In May 2016, The Guardian reported: “[Colombian environmental defender Jani] Silva says she has seen firsthand the effects of big business in Putumayo, where, she believes, oil companies ‘exploit irresponsibly’ and contaminate the environment despite legal protection granted by courts to the Amazon peasant farmer reserve zone.”

In that article, Silva is quoted saying: “When I go to other places where the businesses are, and I see only oil and contamination, that is very painful.”

Gimena Sánchez-Garzoli of WOLA has also written: “Oil slicks pollute the soil and drinking water of hundreds of farmers, animals, and plants, which is why Silva has campaigned for years against oil extraction.”

Ecopetrol/Amerisur overlap the Reserve Zone

PBI-Colombia has also highlighted that “one of the great challenges” the Perla Amazónica Peasant Reserve Zone (ZRCPA) in the department of Putumayo “has faced has been the arrival and expansion of oil companies.”

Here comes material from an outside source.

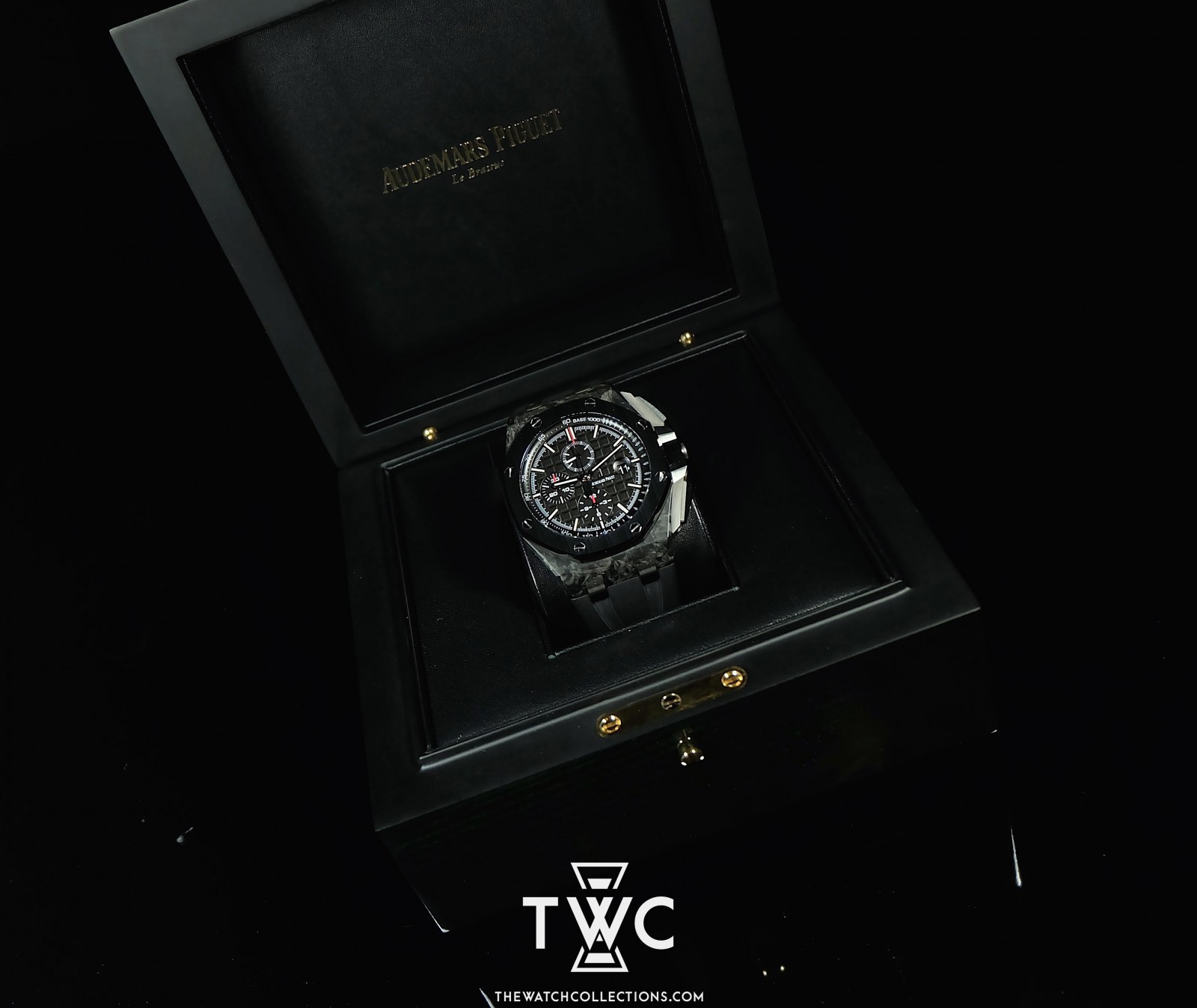 The Royal Oak Offshore Novelty Forged Carbon showcases Audemars Piguet’s bold and technical spirit. Its 44mm forged carbon case offers a lightweight yet robust presence, paired with a black Méga Tapisserie chronograph dial. Powered by the automatic Audemars Piguet 3126/3840 movement with a 50-hour power reserve, it is completed with a black rubber strap, reinforcing its modern and dynamic character.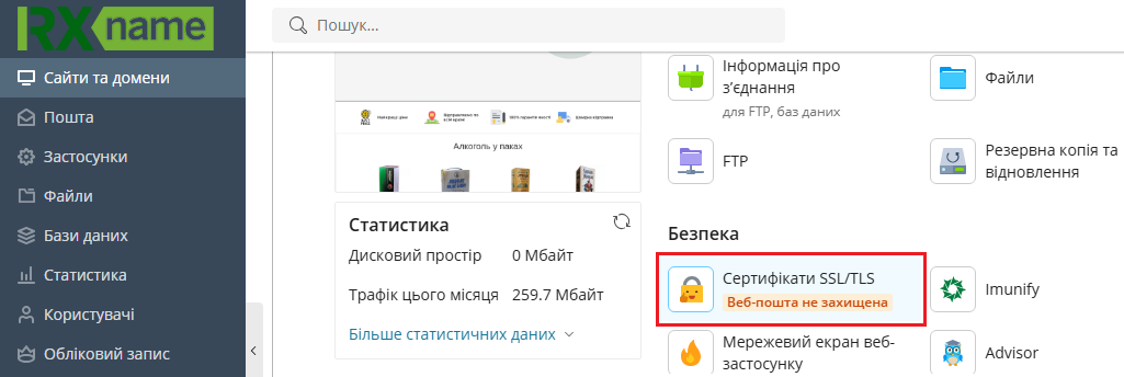 - В разделе «Безопасность» вашего сайта нажмите «SSL/TLS Сертификаты».

Amnesty International has specified: “[Silva’s] work has placed her at loggerheads with the Ecopetrol oil company, which won a license to operate in areas overlapping with the reserve in 2006. In 2009, the license was transferred to the Amerisur oil company. Since then, at least two oil spills have poisoned the water sources that local communities depend on.”

Agenda Propia has also explained: “In the 22,000-hectare reserve, Jani and her community have a 4,632-hectare headache in Alea called Amerisur.”

It adds: “The company first applied for an environmental license in 2017, for 936 hectares, then applied for four thousand more two years later.”

In 2019, the Platanillo block (that the Organization of American States says “allegedly overlaps the Reserve Zone”) produced 1,369,440 barrels of oil.